*** GIVEN ENTRIES ***

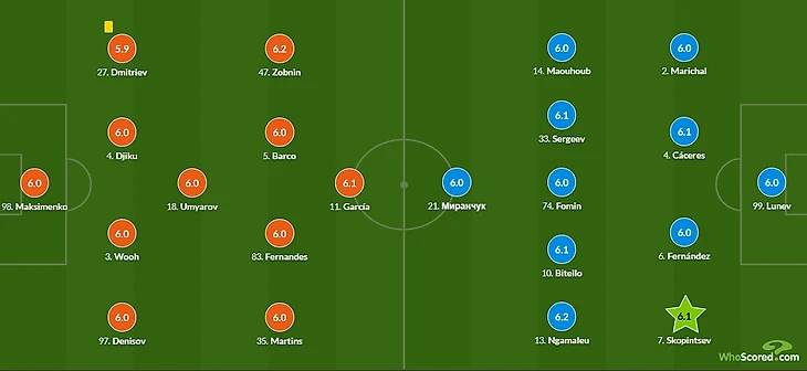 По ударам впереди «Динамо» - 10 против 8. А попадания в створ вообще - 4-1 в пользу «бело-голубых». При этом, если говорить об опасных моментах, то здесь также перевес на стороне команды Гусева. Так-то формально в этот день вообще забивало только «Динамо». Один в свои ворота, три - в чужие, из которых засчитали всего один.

*** End of GIVEN ENTRIES ***
*** GIVEN ENTRIES ***

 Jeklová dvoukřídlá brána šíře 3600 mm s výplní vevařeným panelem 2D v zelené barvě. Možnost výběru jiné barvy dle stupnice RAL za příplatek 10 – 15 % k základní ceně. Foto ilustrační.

*** End of GIVEN ENTRIES ***
*** GIVEN ENTRIES ***

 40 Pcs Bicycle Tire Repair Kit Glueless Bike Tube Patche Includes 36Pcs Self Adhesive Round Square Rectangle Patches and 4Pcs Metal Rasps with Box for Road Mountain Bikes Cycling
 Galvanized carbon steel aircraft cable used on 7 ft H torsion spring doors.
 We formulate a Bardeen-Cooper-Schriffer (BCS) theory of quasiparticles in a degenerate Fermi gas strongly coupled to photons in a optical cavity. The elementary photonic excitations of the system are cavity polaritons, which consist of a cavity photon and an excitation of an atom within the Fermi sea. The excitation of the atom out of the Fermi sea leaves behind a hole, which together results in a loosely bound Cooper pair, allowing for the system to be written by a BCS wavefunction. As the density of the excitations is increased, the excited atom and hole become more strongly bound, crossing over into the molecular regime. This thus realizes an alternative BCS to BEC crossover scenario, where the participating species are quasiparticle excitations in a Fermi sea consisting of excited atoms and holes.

*** End of GIVEN ENTRIES ***

* _PROMPT_: In the records above, the line with "Galvanized carbon steel" marks the start and the line with "We formulate a" marks the end; copy that stretch exactly, both lines included, and nothing else.

* _EXPECTED ANSWER_:
 Galvanized carbon steel aircraft cable used on 7 ft H torsion spring doors.
 We formulate a Bardeen-Cooper-Schriffer (BCS) theory of quasiparticles in a degenerate Fermi gas strongly coupled to photons in a optical cavity. The elementary photonic excitations of the system are cavity polaritons, which consist of a cavity photon and an excitation of an atom within the Fermi sea. The excitation of the atom out of the Fermi sea leaves behind a hole, which together results in a loosely bound Cooper pair, allowing for the system to be written by a BCS wavefunction. As the density of the excitations is increased, the excited atom and hole become more strongly bound, crossing over into the molecular regime. This thus realizes an alternative BCS to BEC crossover scenario, where the participating species are quasiparticle excitations in a Fermi sea consisting of excited atoms and holes.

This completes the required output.